Hinton is doing basic science, not ML, here. Given who he is, trying to move the needle on traditional benchmarks would be a waste of his time and skills.

If he invents the new back propagation, an army of grad students can turn his ideas into the future. Like they've done for the last 15 years.

He's posting incremental work towards rethinking the field. It's pretty interesting stuff.

Edit: grammar

alper111 · on Jan 12, 2023

Plain MLP acc. is 63% vs 59% with FF, not so bad? By the same logic, MLP is a failed toy model.

jasonjmcghee · on Jan 12, 2023

I haven't seen this to be the case, fwiw. There was a paper in 2016 that did this and most were in the ~40% range.

But "any ml algorithm" isn't the point. It's a new optimization technique and should be applied to models/architectures that make sense with the problems they are being used on.

For example, they could have used a pretrained featurizer and trained the two layer model on top of it, with both back prop and FF and compared.

whimsicalism · on Jan 12, 2023

> For example, they could have used a pretrained featurizer and trained the two layer model on top of it, with both back prop and FF and compared.
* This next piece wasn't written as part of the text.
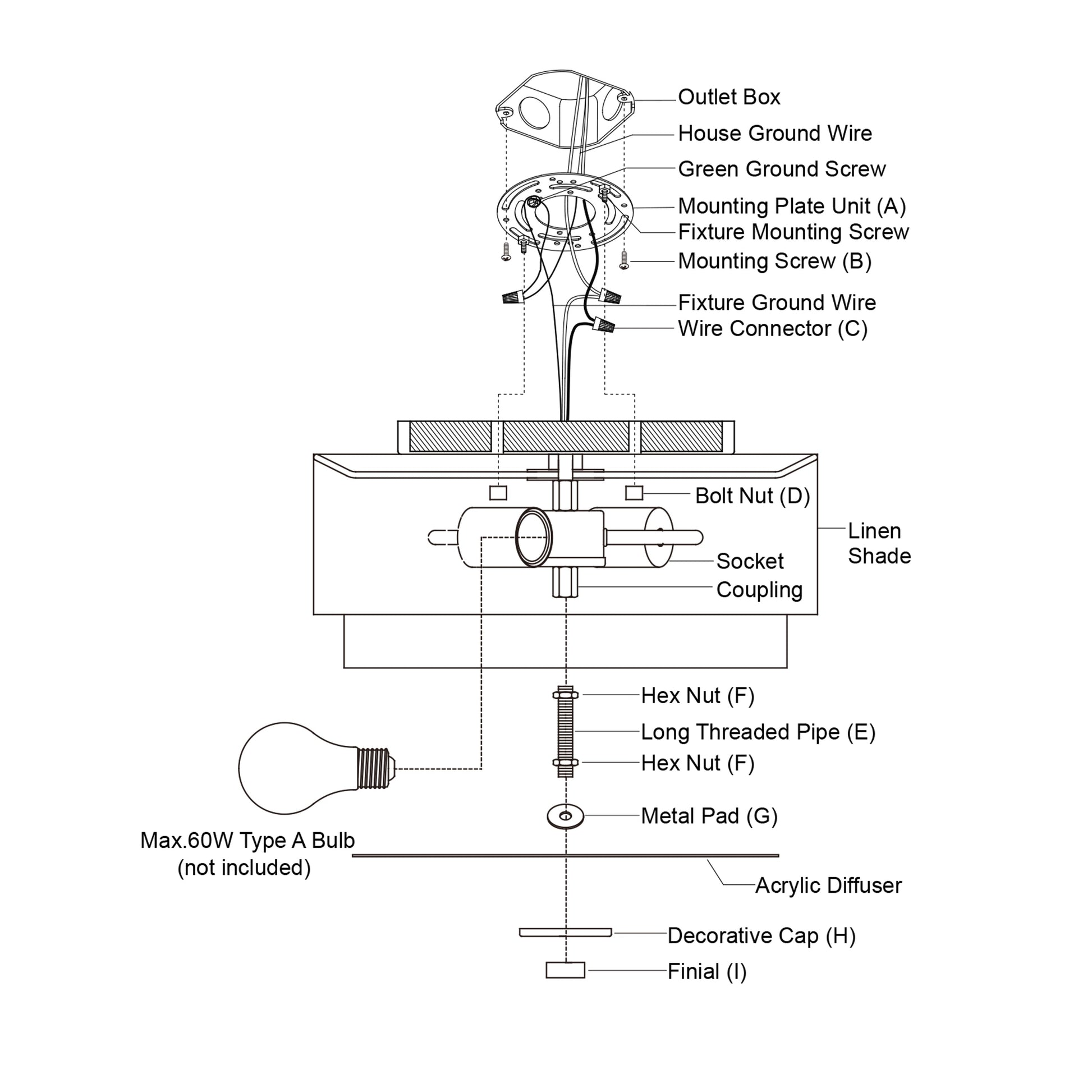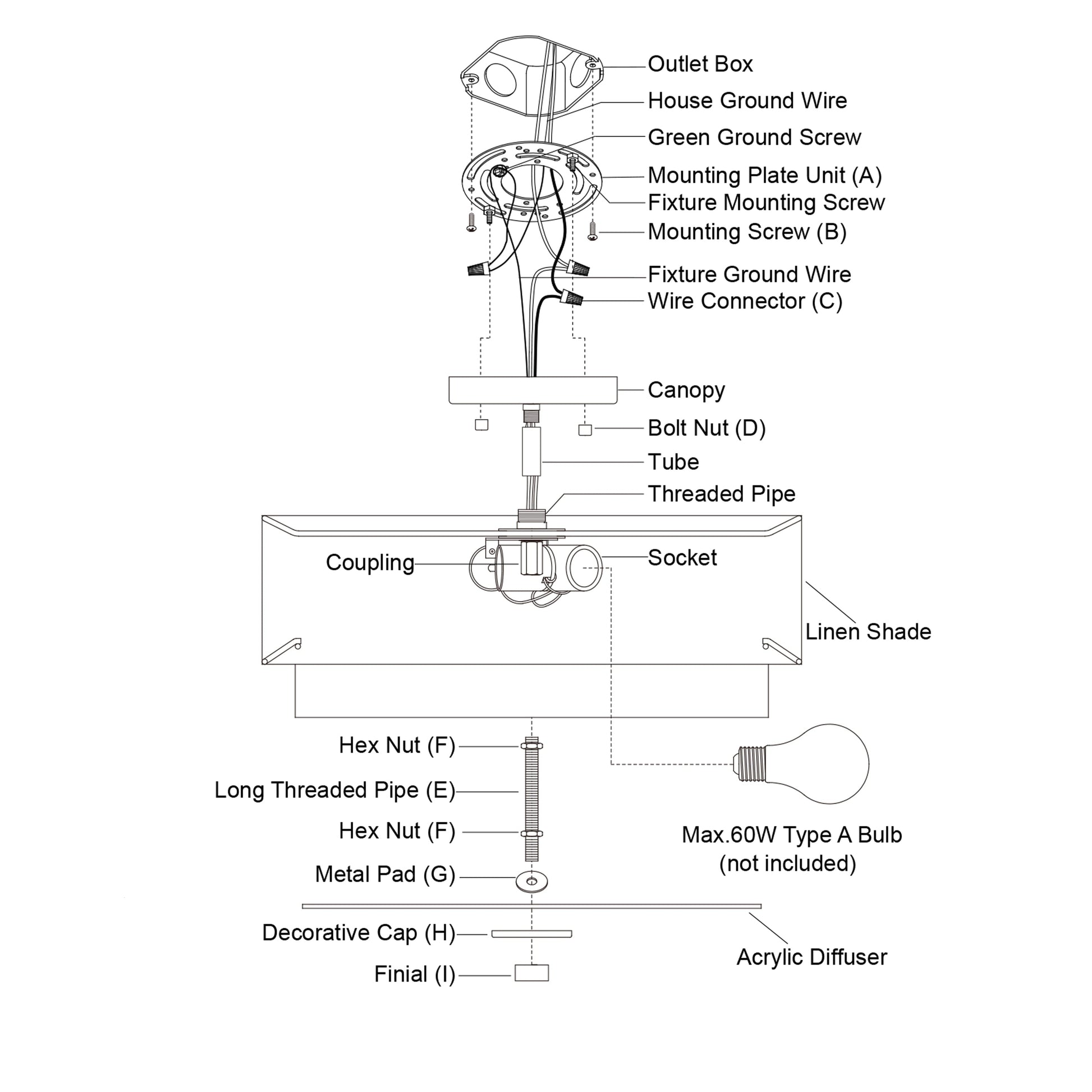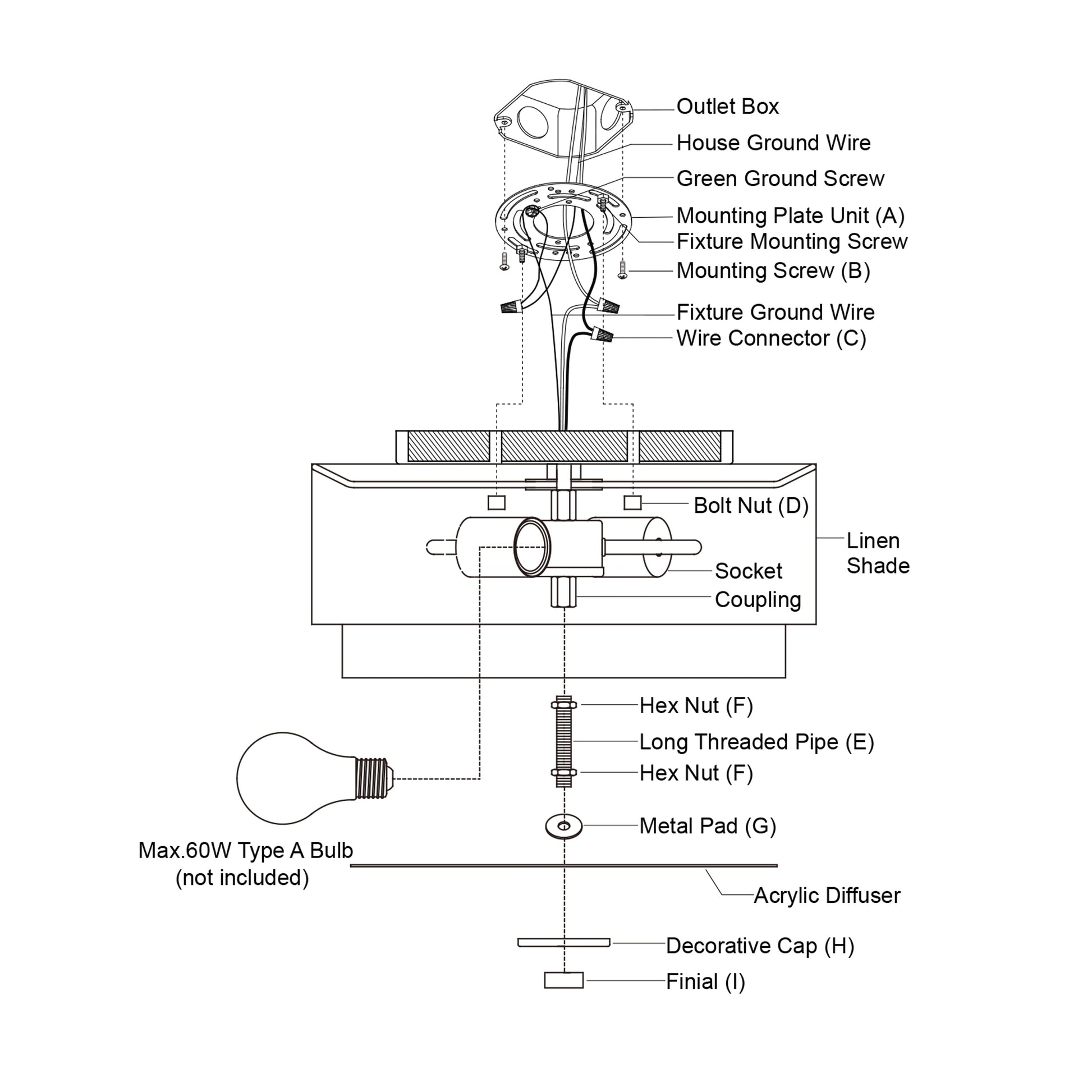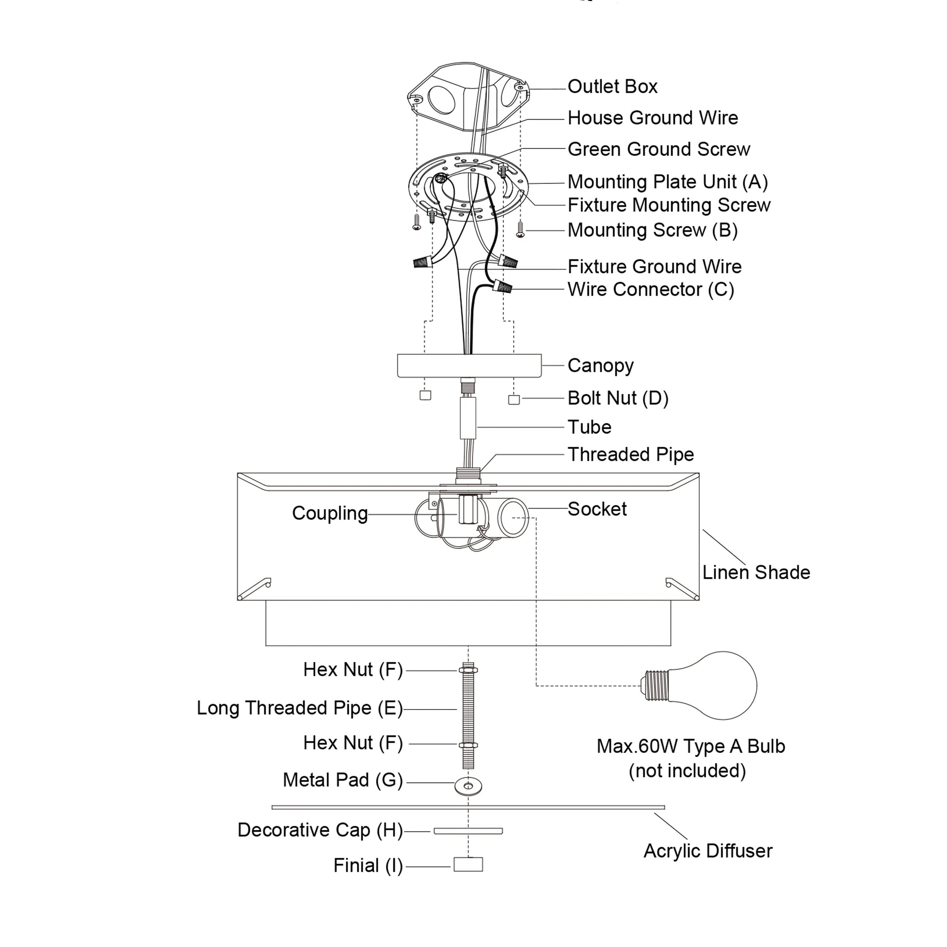 • Utilizza lampadine E26 da 60 watt con attacco medio (non incluse); compatibile con LED

Making the assumption that weights/embeddings produced by a backprop-trained network are equally intelligible to a network also trained by backprop vs. one trained by this alternative method.

jasonjmcghee · on Jan 12, 2023

I have personally seen them used successfully with all kinds of classic ml algorithms (enets, tree-based, etc) that have nothing to do with back prop.

whimsicalism · on Jan 12, 2023

Any ML algorithm that already has tooling written, CUDA scripts, etc. to run it faster.

That said, I am also short-term bearish on backprop-free methods (although potentially long-term bullish).